## [The data]
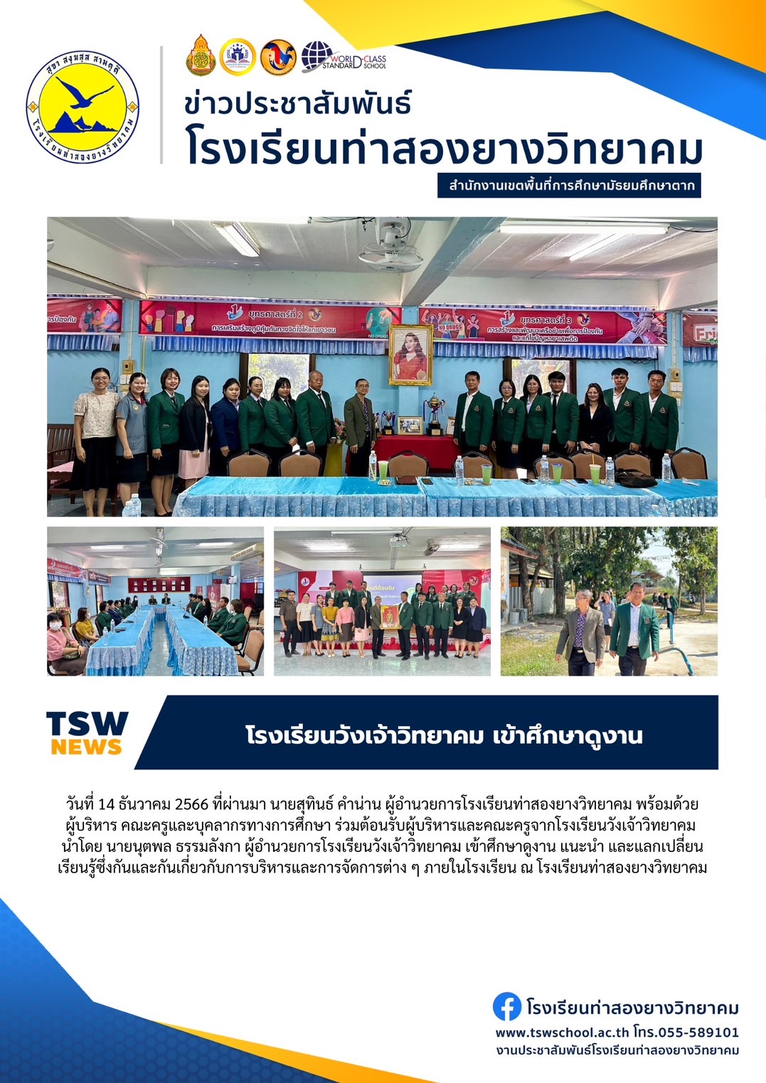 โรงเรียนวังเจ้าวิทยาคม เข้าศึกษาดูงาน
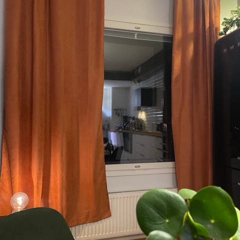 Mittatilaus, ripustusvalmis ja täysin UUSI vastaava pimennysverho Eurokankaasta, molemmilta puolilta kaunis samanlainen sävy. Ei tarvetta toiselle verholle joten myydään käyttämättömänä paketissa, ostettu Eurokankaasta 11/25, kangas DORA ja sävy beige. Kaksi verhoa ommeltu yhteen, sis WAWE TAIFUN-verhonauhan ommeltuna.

--

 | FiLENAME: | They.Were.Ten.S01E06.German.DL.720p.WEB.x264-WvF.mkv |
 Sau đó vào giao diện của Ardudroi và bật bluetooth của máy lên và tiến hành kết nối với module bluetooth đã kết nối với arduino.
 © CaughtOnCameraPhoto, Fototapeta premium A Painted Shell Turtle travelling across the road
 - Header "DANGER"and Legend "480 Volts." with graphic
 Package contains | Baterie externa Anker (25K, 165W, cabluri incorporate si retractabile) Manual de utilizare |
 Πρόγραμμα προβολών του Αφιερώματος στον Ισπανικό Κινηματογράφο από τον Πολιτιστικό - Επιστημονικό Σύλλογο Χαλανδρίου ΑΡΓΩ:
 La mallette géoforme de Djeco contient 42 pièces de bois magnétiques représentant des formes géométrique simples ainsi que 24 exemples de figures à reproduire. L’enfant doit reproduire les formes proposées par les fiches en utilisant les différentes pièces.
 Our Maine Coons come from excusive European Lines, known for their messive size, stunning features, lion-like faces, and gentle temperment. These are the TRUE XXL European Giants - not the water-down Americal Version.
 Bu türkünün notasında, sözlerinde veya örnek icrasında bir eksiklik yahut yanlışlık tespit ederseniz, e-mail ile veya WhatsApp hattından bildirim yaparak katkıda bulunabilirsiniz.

==

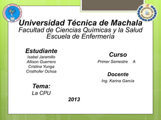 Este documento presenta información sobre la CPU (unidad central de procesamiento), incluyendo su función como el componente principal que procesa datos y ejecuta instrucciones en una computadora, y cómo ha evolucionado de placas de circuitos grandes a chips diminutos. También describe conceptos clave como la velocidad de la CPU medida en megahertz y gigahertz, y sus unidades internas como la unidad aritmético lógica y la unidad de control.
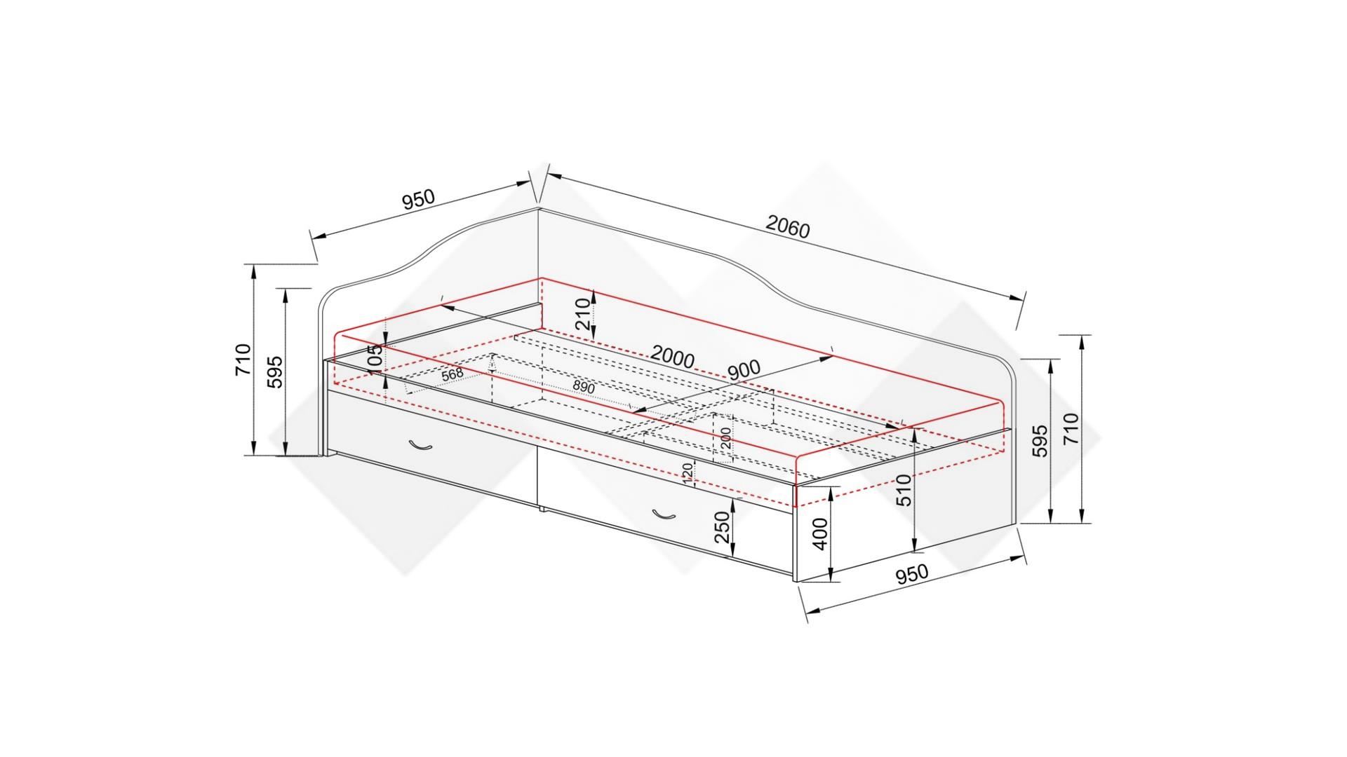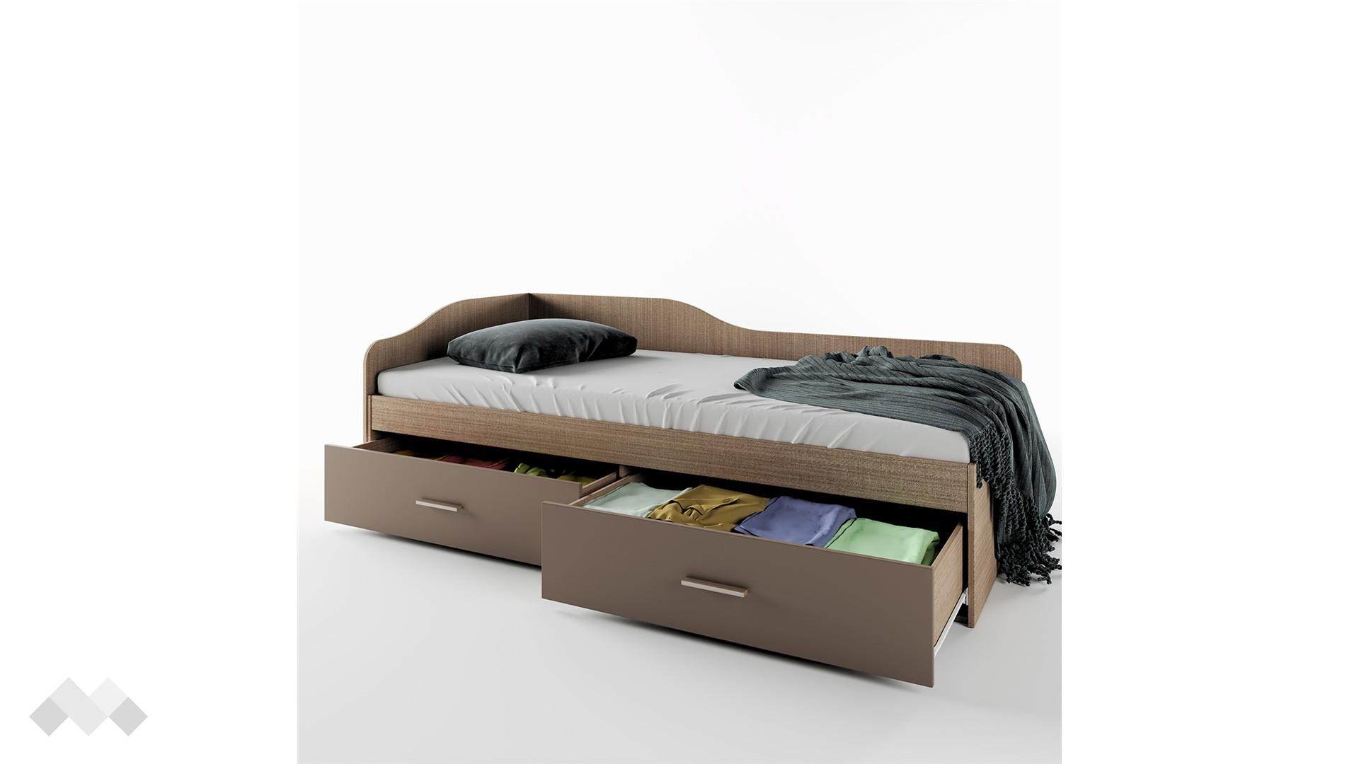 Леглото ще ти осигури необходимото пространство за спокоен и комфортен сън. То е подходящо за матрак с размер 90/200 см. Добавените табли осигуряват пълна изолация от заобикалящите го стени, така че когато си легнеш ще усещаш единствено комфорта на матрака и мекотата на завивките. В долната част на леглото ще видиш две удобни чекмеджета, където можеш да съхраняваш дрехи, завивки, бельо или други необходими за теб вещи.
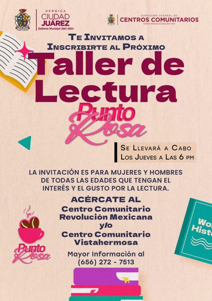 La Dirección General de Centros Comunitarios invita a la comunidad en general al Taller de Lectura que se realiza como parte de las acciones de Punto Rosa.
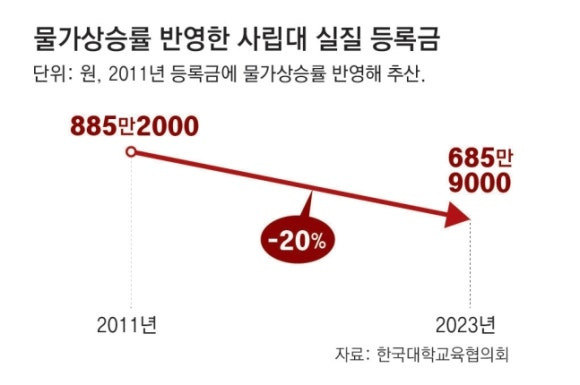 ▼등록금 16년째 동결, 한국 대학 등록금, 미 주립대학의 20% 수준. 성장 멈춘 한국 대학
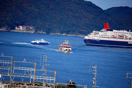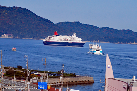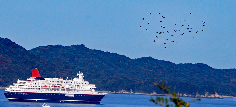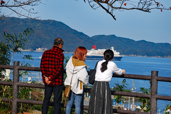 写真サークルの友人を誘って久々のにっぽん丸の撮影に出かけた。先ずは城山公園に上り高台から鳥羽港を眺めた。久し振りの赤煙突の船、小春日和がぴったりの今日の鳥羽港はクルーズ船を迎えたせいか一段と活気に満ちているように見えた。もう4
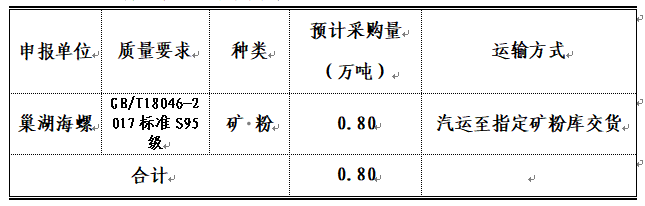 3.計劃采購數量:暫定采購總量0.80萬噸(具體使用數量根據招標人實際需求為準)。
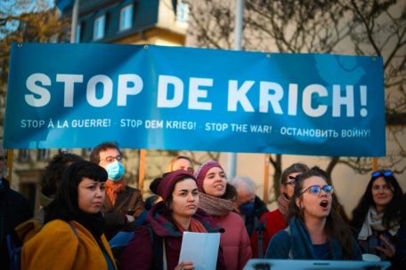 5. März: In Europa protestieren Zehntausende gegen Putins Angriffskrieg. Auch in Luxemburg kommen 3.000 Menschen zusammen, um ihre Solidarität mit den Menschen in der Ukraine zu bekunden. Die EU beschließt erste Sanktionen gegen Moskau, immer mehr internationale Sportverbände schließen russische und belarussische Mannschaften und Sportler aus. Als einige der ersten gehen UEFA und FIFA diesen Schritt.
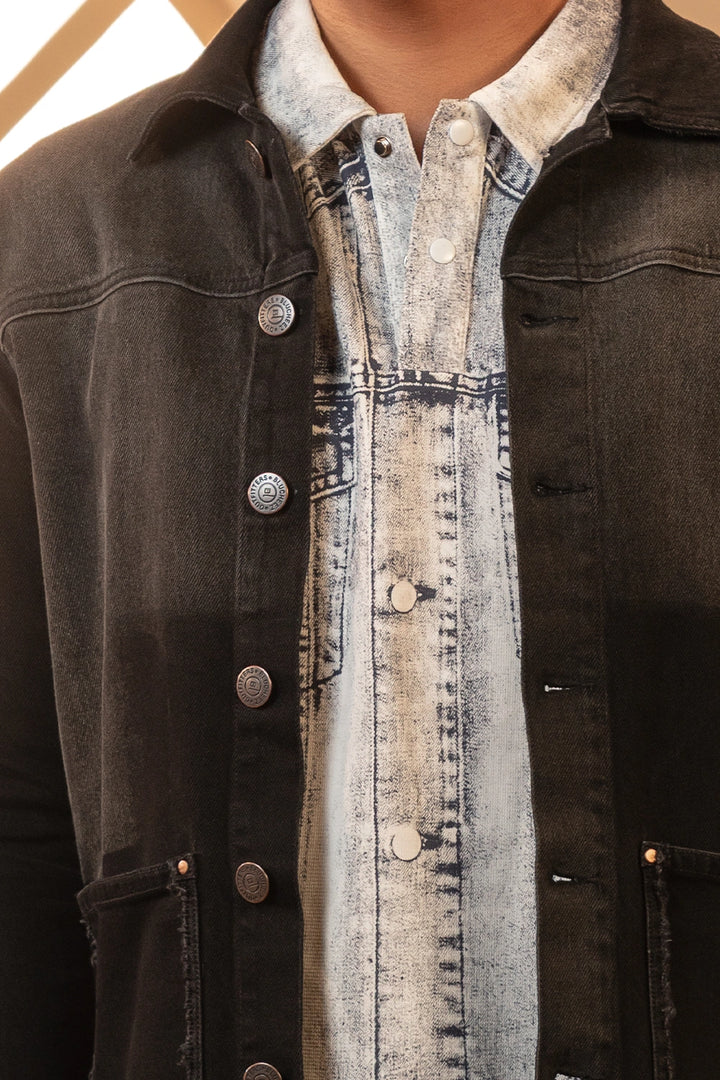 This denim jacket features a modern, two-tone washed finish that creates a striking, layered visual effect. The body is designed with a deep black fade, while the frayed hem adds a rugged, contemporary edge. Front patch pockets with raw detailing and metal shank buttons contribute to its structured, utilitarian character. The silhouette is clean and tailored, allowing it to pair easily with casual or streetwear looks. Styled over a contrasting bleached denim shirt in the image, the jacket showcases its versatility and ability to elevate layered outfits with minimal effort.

## [About this task]
The lines to reproduce run from the one above containing "3.計劃采購數量:暫定采購總" through the one containing "5. März: In". Copy them exactly and leave out all pictures.

## [Response area]
 3.計劃采購數量:暫定采購總量0.80萬噸(具體使用數量根據招標人實際需求為準)。
 5. März: In Europa protestieren Zehntausende gegen Putins Angriffskrieg. Auch in Luxemburg kommen 3.000 Menschen zusammen, um ihre Solidarität mit den Menschen in der Ukraine zu bekunden. Die EU beschließt erste Sanktionen gegen Moskau, immer mehr internationale Sportverbände schließen russische und belarussische Mannschaften und Sportler aus. Als einige der ersten gehen UEFA und FIFA diesen Schritt.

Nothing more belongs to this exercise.